J’appelle chacune et chacun à se montrer respectueux de la diversité des opinions qui vont s’exprimer dans notre hémicycle.

Nous devons contribuer les uns et les autres à préserver l’unité de la Nation. (Applaudissements.)

La parole est à M. le Premier ministre.

M. Édouard Philippe, Premier ministre. Monsieur le président, mesdames, messieurs les sénateurs, dans chacun des territoires que vous représentez, depuis trois semaines, des groupes de Français ayant enfilé un gilet jaune, parfois des groupes très restreints, parfois des groupes plus larges, organisent des barrages filtrants, ouvrent des péages, occupent des ronds-points ou des zones commerciales.

Ces actions se déroulent, en général, dans le calme, un calme qui contraste avec l’extrême violence que nous avons connue samedi dernier à Paris et dans de nombreuses villes : à Toulouse, à Marseille, au Puy-en-Velay, où le Président de la République s’est rendu mardi.

J’aurais pu également citer l’île de la Réunion, où Annick Girardin s’est rendue la semaine dernière pour échanger avec les manifestants, les élus et apporter des réponses aux questions et aux colères qui étaient formulées.

Vous êtes ou avez été des élus locaux. Moi aussi. Cette colère, vous ne la découvrez pas. Moi non plus. Nous l’avons sentie monter, année après année, élection après élection, qu’elle se formule parfois par des abstentions massives ou qu’elle se formule d’autres fois par des coups de semonce.

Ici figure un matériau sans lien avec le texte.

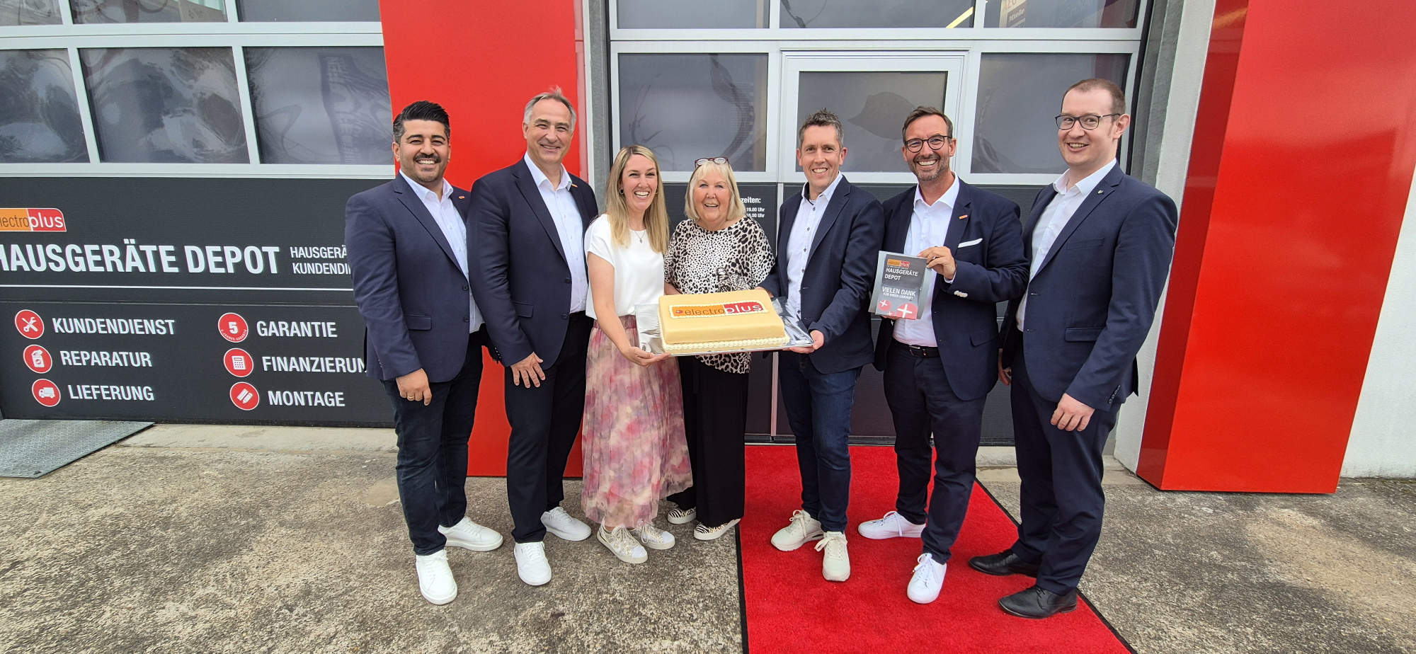 Das Opening (v.l.n.r.): Ali Uyar (Store Designer electroplus), Christian Bichlmeier (Regional Sales Manager, EK Retail), Patrizia Seifert (Hausgeräte Depot), Renate Bahler (Gründerin Hausgeräte Depot), Alexander Bahler (Hausgeräte Depot), Martin Wolf (General Manager EK Home Electrical Appliances), Maximilian Friedrich (Oberbürgermeister Backnang) feiern die Eröffnung von electroplus Hausgeräte Depot in Backnang.

Contrairement à quelques autres, je ne cherche pas à désigner les coupables de cette colère, mais je constate qu’elle vient de loin, qu’elle a longtemps été muette et que, si elle a été muette, c’est parce que, longtemps, elle a été tue, par pudeur, par fierté parfois, car se mettre en colère et dénoncer quelque chose que l’on subit, c’est parfois vécu et perçu comme quelque chose qui ne serait pas à la hauteur.

Certains ont reconnu avec beaucoup de sagesse et d’honnêteté que cette colère venait de loin. Je veux les en remercier, pas en mon nom propre, bien entendu, mais au nom de ceux qui, loin des surenchères, recherchent, sans renier bien évidemment leurs convictions – comme quoi les deux sont possibles –, une issue républicaine à une crise dont la violence a surpris tout le monde.

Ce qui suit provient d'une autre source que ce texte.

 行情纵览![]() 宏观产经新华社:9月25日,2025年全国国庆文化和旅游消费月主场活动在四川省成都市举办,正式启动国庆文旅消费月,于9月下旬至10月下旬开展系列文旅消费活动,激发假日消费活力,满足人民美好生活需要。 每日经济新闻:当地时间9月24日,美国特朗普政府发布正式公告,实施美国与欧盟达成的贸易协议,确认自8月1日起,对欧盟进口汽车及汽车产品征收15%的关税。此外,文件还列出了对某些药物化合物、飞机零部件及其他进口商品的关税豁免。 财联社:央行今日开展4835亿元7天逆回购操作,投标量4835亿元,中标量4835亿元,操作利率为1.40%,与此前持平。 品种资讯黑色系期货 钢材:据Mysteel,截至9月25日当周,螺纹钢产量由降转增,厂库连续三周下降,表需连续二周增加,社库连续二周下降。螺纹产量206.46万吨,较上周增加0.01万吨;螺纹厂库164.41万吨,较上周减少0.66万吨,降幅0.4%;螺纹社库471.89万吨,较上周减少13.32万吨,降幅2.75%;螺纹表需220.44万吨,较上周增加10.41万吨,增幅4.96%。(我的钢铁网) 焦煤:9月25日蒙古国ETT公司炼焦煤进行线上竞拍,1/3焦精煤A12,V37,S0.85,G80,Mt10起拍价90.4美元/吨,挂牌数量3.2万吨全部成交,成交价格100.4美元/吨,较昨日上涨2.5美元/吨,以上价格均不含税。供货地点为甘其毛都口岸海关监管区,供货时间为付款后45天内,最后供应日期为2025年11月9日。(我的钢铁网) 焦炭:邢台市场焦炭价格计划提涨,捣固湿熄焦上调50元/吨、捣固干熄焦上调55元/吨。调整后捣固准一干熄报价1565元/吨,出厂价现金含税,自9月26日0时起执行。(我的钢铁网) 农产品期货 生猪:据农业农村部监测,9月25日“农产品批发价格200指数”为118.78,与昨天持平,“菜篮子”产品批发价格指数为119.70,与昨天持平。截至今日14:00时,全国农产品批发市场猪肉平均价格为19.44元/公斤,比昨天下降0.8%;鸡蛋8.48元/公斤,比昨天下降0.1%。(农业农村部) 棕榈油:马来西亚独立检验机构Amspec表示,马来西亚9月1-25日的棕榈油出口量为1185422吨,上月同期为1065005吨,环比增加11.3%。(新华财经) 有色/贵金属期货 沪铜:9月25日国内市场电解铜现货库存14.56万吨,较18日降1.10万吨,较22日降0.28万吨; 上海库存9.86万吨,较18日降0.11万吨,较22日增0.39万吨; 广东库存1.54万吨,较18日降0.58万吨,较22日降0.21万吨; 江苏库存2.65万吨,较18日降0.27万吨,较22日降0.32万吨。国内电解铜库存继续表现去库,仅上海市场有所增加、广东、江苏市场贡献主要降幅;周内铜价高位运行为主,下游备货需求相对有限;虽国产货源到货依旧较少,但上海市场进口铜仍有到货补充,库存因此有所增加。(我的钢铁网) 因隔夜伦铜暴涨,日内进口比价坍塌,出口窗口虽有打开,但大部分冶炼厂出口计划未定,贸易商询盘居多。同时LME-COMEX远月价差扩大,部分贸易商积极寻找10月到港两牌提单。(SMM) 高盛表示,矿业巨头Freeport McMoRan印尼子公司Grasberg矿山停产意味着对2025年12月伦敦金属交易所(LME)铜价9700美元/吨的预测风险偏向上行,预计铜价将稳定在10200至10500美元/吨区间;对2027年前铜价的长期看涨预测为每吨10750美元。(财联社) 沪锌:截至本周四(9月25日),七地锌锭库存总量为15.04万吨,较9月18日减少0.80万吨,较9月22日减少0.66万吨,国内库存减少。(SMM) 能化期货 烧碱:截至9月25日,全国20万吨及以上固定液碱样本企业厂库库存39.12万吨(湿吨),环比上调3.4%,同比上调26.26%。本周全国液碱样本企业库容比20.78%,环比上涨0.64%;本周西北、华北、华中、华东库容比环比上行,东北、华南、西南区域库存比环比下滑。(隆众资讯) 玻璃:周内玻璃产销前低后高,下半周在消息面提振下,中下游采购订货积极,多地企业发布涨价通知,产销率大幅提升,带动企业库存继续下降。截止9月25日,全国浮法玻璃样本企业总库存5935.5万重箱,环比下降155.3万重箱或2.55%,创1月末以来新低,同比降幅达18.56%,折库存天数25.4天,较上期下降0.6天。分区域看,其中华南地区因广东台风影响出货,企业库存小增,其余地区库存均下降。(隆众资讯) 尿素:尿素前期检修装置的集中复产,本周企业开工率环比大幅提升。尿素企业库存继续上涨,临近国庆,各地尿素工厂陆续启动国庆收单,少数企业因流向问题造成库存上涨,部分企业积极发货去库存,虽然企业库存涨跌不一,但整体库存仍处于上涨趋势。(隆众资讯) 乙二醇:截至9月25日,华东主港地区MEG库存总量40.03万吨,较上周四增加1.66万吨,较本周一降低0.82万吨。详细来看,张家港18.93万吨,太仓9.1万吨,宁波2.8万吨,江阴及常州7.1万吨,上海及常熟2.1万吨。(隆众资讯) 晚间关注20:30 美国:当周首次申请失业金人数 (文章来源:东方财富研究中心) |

J’ai déjà eu l’occasion de citer – et je le refais bien volontiers dans cet hémicycle – le nom et l’œuvre de Marc Bloch. Dans un de ses plus célèbres ouvrages, il évoque l’importance de la lucidité, lucidité évoquée comme un exercice permanent qui implique d’être constant quand on croit que ce que l’on fait est juste et d’avoir le courage de faire autrement quand quelque chose ne fonctionne pas. Tous les maires, tous les présidents d’exécutifs locaux l’ont vécu au moins une fois.

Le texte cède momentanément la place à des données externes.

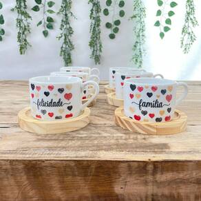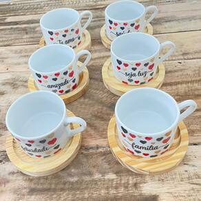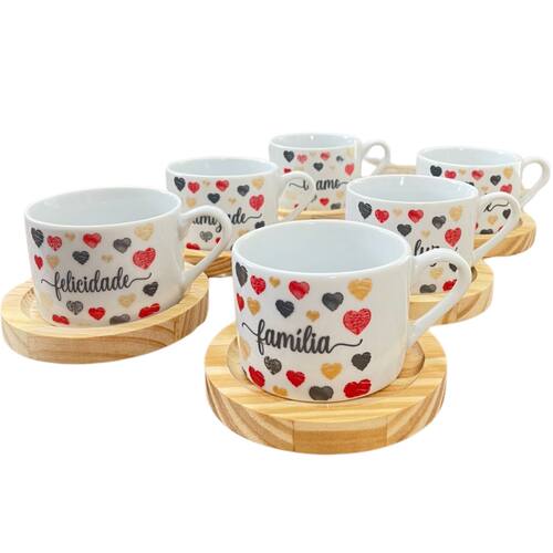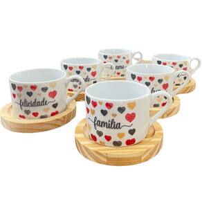 Jogo 6 xícaras 170ml base reta com pires redondo- Frases Motivacionais - Kit PorcelanaContém 6 canecas com design bem interessante, você pode presentear as pessoas que você gosta. Frases: Variadas.Forte resistente, pode ir ao micro-ondas. Ótimas para servir café com leite, água e bebidas em geral. Decalques com queima e fixação em alta temperatura, o que dá um brilho e charme há qualquer ambiente. OBS: Por se tratar de madeira de pinus natural, entre os pires podem existir pequenas variações na tonalidade das cores da madeira. Pode haver variação de tonalidade entre as peças de porcelana devido a diferentes lotes de queima. OBS: Embalagem contem 12 unidades (6 xicaras x 6 pires) Marca: Antilope Decor Porcelanas
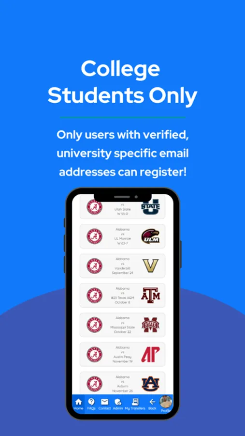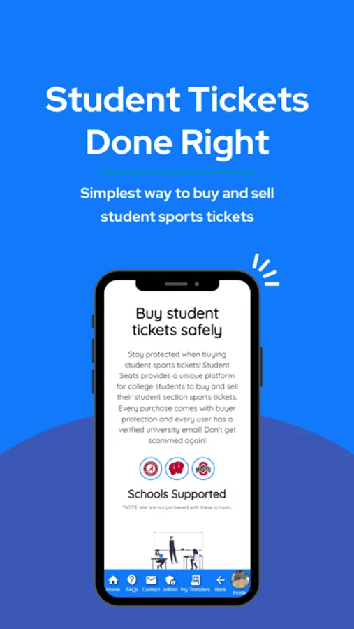 Student Seats provides an online ticket exchange designed for college students to trade their sports tickets. Users must verify their university emails before being allowed to use the app. Users are also protected through the Student Seats escrow transaction partner service, Trustap.
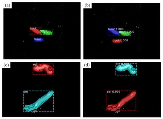 Annotated image samples and visualization of the validation datasets of (a,b) brown trout and (c,d) European eel. Note that (a,c) are the images annotated from pre-processed video clips, while (b,d) are the images with mask predictions of trout and eel models, respectively. The number marked beside the rectangular box was the prediction score, with score of 1 denoting a perfect prediction.
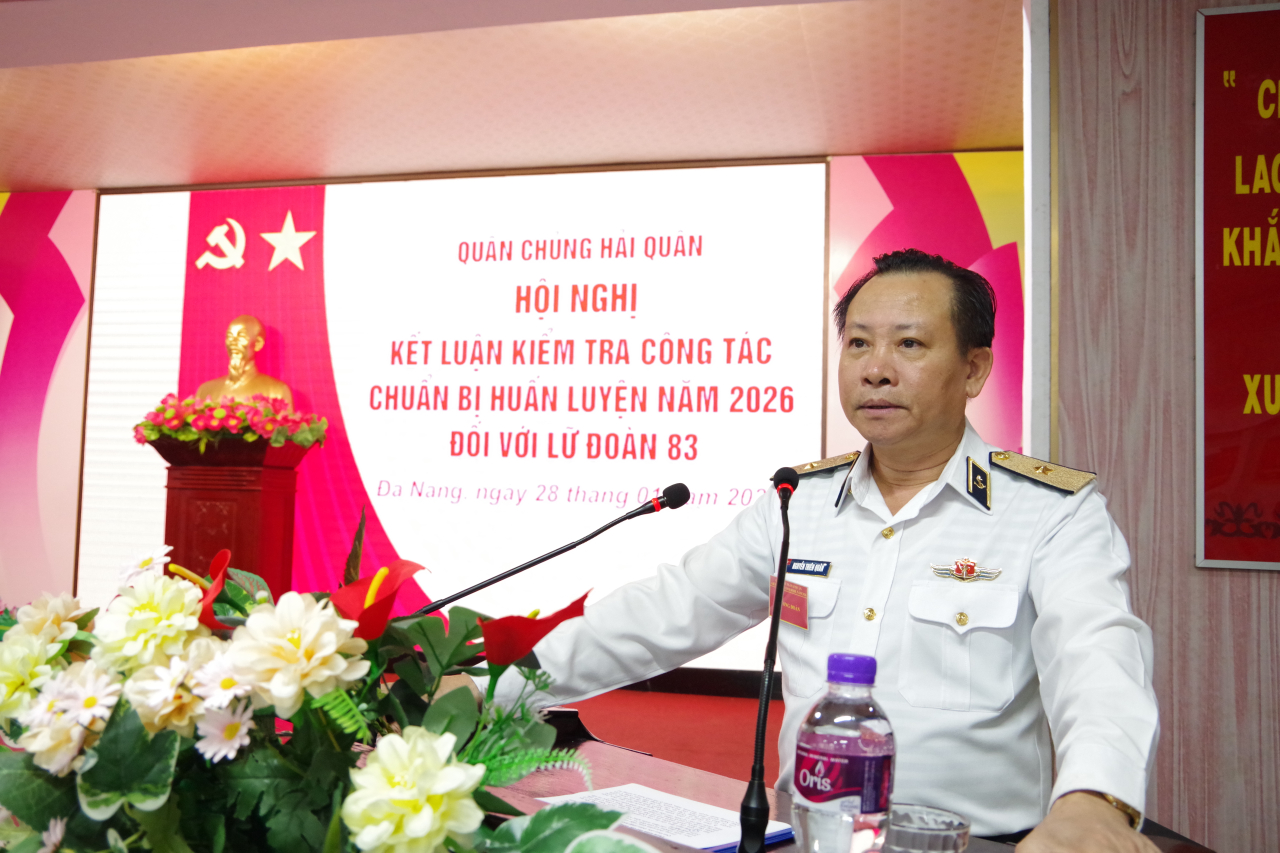 Kết luận kiểm tra, Chuẩn Đô đốc Nguyễn Thiên Quân đã biểu dương kết quả Lữ đoàn 83 đã làm được. Đồng thời yêu cầu Lữ đoàn cần tiếp tục triển khai quyết liệt các mặt công tác, nhanh chóng khắc phục những hạn chế đã chỉ ra; tiếp tục quán triệt, giáo dục nâng cao nhận thức cho bộ đội, đồng thời quản lý chặt chẽ quân số, tư tưởng bộ đội, vũ khí, trang bị kỹ thuật; trước mắt tập trung duy trì nghiêm công tác sẵn sàng chiến đấu trong dịp Tết Nguyên đán; làm tốt công tác chuẩn bị cho lễ ra quân huấn luyện, luyện tập chuyển trạng thái sẵn sàng chiến đấu năm 2026, hướng tới hoàn thành các nội dung, chỉ tiêu huấn luyện trong năm.

C’est à cet exercice que nous nous sommes attelés, un exercice qui se traduit de trois manières différentes.

Lucidité, d’abord, sur la situation d’extrême tension que traverse notre pays. Ces tensions nous ont conduits à la conclusion qu’aucune taxe ne méritait de mettre en danger la paix civile. Comme je l’ai dit hier à l’Assemblée nationale, nous avons donc décidé, avec le Président de la République, de renoncer aux mesures fiscales concernant le prix des carburants et les prix de l’énergie, qui devaient entrer en vigueur le 1er janvier 2019. Le Sénat ayant voté la suppression de ces taxes dans le projet de loi de finances pour 2019, elles ne seront pas réintroduites. (Applaudissements sur les travées du groupe du Rassemblement Démocratique et Social Européen, du groupe Les Indépendants – République et Territoires, du groupe Union Centriste et du groupe Les Républicains. – M. Bernard Buis applaudit également.)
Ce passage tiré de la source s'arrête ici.